Create a new nexus data file containing this text:

#NEXUS

begin taxa;
  title fake;
  dimensions ntax=4;
  taxlabels A B C D;
end;

begin trees; 
  title truth;
  link fake;
  tree hw9 = [&U] (A:0.2,B:0.2,(C:0.1,D:0.1):0.1);
end;

begin characters;
  dimensions nchar=2;
  format datatype=standard;
  matrix
    A 01
    B 00
    C 11
    D 11
  ;
end;

Start Mesquite

Exit Mesquite, if you haven't already done so, by closing all windows. Upon closing the last window, you will have to push the Force quit button to get it to actually quit. It is probably not necessary to stop and restart Mesquite, but Mesquite is a complex program, and I tend to start with a clean slate rather than risk having Mesquite remember settings that I have long forgotten about!

Now start it up again and open this newly-created file using the File > Open... menu command. You should see the data matrix appear in a Character Matrix window.

Set up the model

Choose Characters > New character model > Mk1 Model (Markov 1 parameter) from the menu at the top of the Character Matrix window. Choose a name for your model (e.g. "my model").

An Edit model dialog box will appear. Enter 1.0 in the box provided and press the Enter key. The 1 here means that branch lengths will be interpreted in the usual way, as the expected number of substitutions. Mesquite does things a little differently than PAUP*:

  • it displays trees as rooted rather than unrooted
  • it treats branch lengths as representing times only
  • it stores the substitution rate as part of the model rather than getting substitution rates from branch lengths

Mesquite can correctly equate branch lengths with expected number of substitutions if we specify the substitution rate to equal 1.

Set up the tree window

Go back to the Character Matrix window and choose Taxa&Trees > New Tree Window. In the dialog box that appears, choose Stored Trees and press the Ok button.

From the menu at the top of the Tree Window that appears, choose Drawing > Tree Form > Balls & Sticks, and Drawing > Branches Proportional to Lengths.

Estimating ancestral states using likelihood

From the Analysis menu, choose Trace Character History and choose Stored Characters, Likelihood Ancestral States, Stored Probability Model, and "my model" in the succession of dialog boxes that appear.

From the Trace menu, choose Report Likelihoods As > Raw likelihoods, then hover your mouse cursor over the node at the base of the tree. The value associated with state 0 should be shown as 0.02874, and that for state 1 should be 0.01023. Adding these two values together, you get 0.03897, which is the total likelihood for this character (the log-likelihood is ln(0.03897) = -3.24495). The pie diagram at the node thus shows the proportion of the total likelihood associated with each possible state. The state that contributes most to the likelihood is the estimated ancestral state.

The winning threshhold

Technically, state 0 is the winner here, but Mesquite does not consider there to be a clear cut choice in this case. If Mesquite did consider there to be a clear winner, it would adorn that state with an asterisk to indicate that it is a significantly better choice of ancestral state. Mesquite uses a cutoff to determine whether one state is significantly more likely than another state.

The cutoff is applied to the log-likelihood rather than the likelihood.
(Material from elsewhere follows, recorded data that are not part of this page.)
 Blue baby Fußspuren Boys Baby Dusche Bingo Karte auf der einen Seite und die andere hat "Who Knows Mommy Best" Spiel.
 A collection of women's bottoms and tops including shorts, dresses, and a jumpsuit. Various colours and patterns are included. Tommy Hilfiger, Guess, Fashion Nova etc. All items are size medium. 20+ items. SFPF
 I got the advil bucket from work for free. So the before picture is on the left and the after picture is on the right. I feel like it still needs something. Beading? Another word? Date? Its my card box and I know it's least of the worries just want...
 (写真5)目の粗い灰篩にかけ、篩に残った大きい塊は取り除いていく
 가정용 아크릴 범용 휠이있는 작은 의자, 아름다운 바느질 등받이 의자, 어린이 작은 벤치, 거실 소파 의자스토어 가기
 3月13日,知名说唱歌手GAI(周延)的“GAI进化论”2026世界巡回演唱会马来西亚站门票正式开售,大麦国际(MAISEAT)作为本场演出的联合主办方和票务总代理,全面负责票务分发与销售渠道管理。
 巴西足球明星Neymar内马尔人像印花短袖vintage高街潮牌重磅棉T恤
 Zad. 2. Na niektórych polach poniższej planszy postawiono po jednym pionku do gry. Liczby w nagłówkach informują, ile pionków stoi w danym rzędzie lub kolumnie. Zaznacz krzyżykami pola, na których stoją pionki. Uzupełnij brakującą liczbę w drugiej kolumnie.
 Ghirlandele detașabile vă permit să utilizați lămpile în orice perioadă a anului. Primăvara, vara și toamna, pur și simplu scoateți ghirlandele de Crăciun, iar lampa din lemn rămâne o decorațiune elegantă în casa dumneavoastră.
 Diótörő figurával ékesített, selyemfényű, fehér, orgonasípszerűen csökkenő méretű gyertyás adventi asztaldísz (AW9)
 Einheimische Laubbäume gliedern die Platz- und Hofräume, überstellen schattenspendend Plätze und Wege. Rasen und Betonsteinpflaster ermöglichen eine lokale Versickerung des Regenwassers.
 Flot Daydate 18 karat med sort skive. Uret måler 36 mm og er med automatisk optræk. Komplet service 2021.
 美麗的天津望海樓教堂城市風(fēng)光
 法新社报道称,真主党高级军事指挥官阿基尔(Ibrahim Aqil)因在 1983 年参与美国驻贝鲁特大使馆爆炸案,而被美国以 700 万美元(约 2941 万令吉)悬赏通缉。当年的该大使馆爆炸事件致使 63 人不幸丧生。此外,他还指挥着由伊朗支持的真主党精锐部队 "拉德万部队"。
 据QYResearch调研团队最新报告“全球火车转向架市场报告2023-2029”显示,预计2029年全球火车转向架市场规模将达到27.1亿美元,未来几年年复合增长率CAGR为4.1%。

Switch to showing the (negative) log-likelihoods by choosing Trace > Report Likelihoods As > Negative Log Likelihoods. Now state 0 is seen to have a log-likelihood equal to -3.54934 and state 1 has a log-likelihood equal to -4.58274. The difference between these is 1.0334, which is less than the cutoff (2.0) assumed by Mesquite. You can change the cutoff using Trace > Likelihood Decision Threshhold...

Estimating ancestral states using parsimony

You can see what parsimony would say in this case by choosing Analysis > Trace Character History > Stored Characters > Parsimony Ancestral States > Current Parsimony Models. This will create a new Trace Character pane, which will probably be created right on top of your existing one. Use your mouse to move it off the likelihood Trace Character pane, so you can see the two side by side. Note that, unlike likelihood, parsimony has no qualms about choosing 0 as the ancestral state of the basal node for character 1.